Waymo has not had a human fatality, and in July, the company said it had passed more than 100 million miles without a human behind the wheel.

Srikanth Saripalli, the director of the Center for Autonomous Vehicles and Sensor Systems at Texas A&M University, said he thinks Waymo’s technology is as good as a human driver and he praised the company’s safety record. But he said Waymo still needs to prove that it can safely handle situations outside California and the Sun Belt.

“Their safety record among all autonomous companies is amazing, but when you compare them to humans, they’ve been very careful about the kind of cities they want to drive in,” he said.

“In Phoenix, the roads are all perpendicular, the roads are nice, the weather is nice, and it still took them almost a decade to get to a freeway,” he said. He has worked as an industry consultant but not for Waymo.

About 18% of all traffic fatalities occur on interstate highways or other freeways and expressways, according to data compiled by federal safety regulators.

To tackle highways, Waymo said it had studied hazards such as aggressive cut-ins, construction on shoulders, hydroplaning and high-speed collisions. It said it has been giving freeway rides to employees and their guests for more than a year.

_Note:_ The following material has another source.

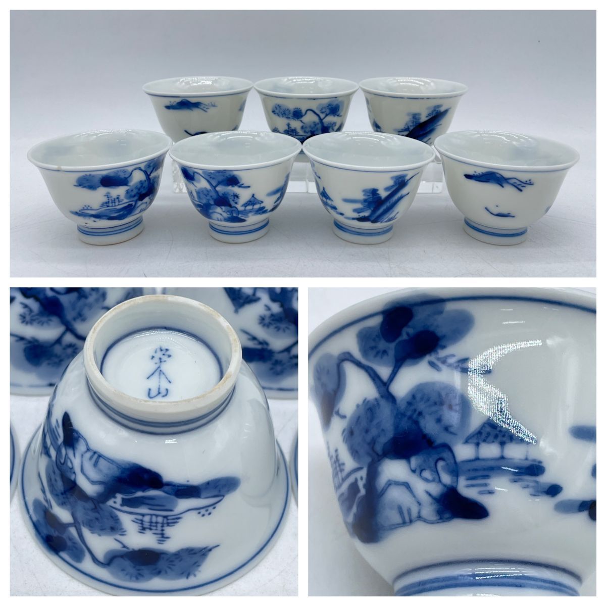 - 京焼 栄山造 お猪口 ぐい呑み 湯呑 染付 山水画 7客まとめ 径5.7cm 伝統工芸 古美術 古玩 時代物 酒器 陶器 焼物 茶道具 陶芸茶碗 (11897)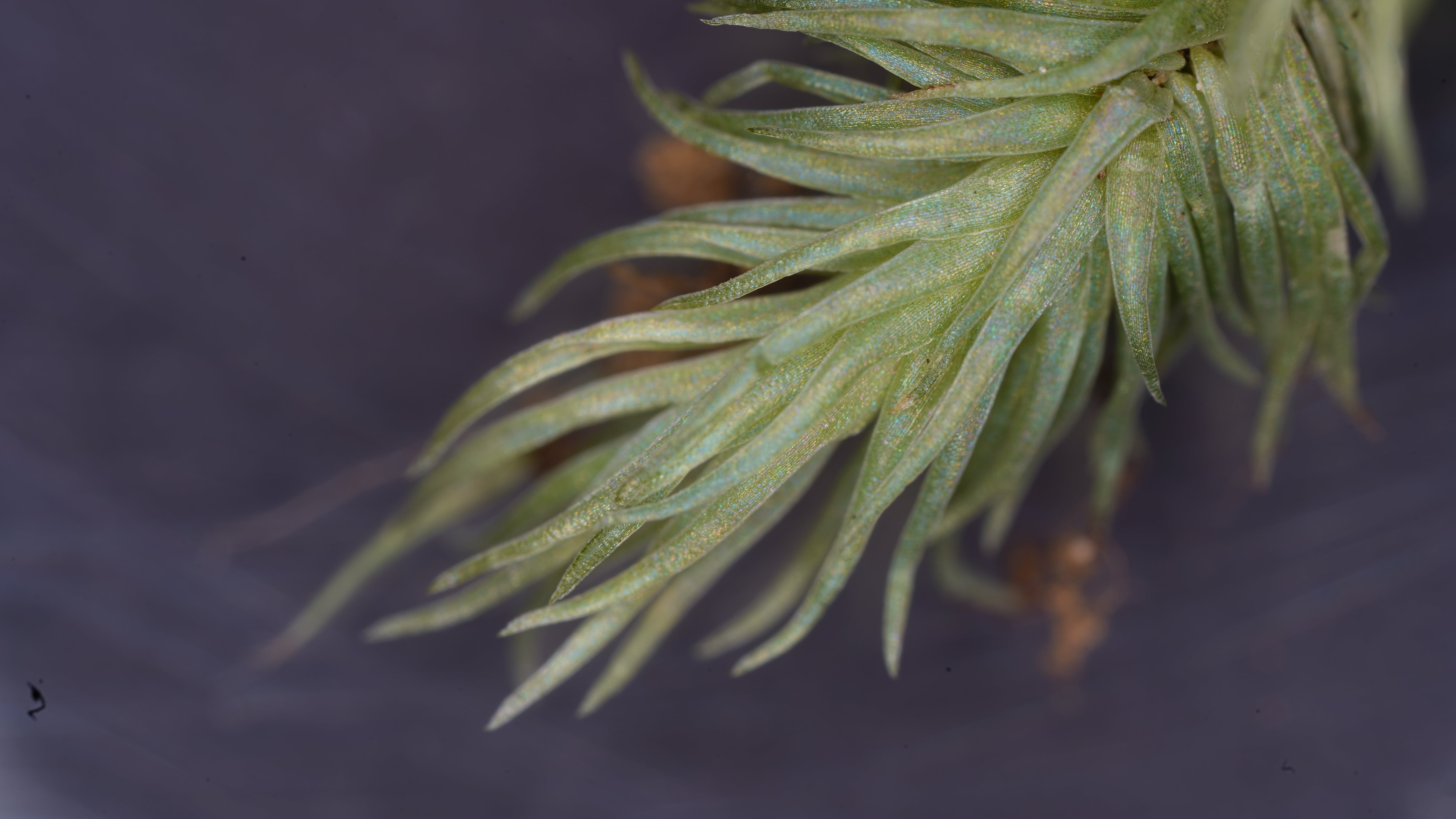 糙葉白髮苔葉表粗糙、顏色較深,保持與普通白髮苔相似的直立叢狀姿態。雖然資料有限,但其耐陰與保水能力強,生長節奏穩定。適合用於中層微景園景中,與其他白髮苔交錯配置時,能增加質地層次與視覺對比,營造自然混栽效果。

And even now, the company said it would expand its use of freeways gradually as it watches for how the vehicles respond, rather than making it available to all of its customers at once.

The company said its robotaxis would stick to the speed limits on freeways, as they do city streets, even if human drivers around a vehicle are breaking the speed limit.

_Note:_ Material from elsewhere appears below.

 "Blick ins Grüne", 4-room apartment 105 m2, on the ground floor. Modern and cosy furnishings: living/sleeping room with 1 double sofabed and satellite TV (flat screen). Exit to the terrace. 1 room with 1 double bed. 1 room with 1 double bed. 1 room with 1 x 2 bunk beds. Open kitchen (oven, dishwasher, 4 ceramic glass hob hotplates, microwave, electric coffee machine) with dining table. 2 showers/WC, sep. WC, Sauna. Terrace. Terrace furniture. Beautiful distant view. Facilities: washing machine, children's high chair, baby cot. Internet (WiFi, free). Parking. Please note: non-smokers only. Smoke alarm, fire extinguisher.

“The Waymo driver goes up to the posted speed limit. So, for example, if the speed limit is 65, that’s the maximum speed limit, and it does not exceed it, unless in extraordinary circumstances,” said Jacopo Sannazzaro, a product manager at Waymo.

Freeway capability is an important part of a car service, especially in cities such as Los Angeles and Phoenix, where it’s common for daily car trips to include at least some time on an interstate. Sticking to local streets often means a longer ride.

And while some traffic regulators and city-dwelling critics have braced for the possibility that robotaxis will add to traffic congestion, Waymo said it believes those concerns are unfounded.

“We do not expect Waymo to make congestion worse on the freeways,” said Pablo Abad, a Waymo product manager. He said the company had “not seen any impact on the congestion in the service areas where we operate.”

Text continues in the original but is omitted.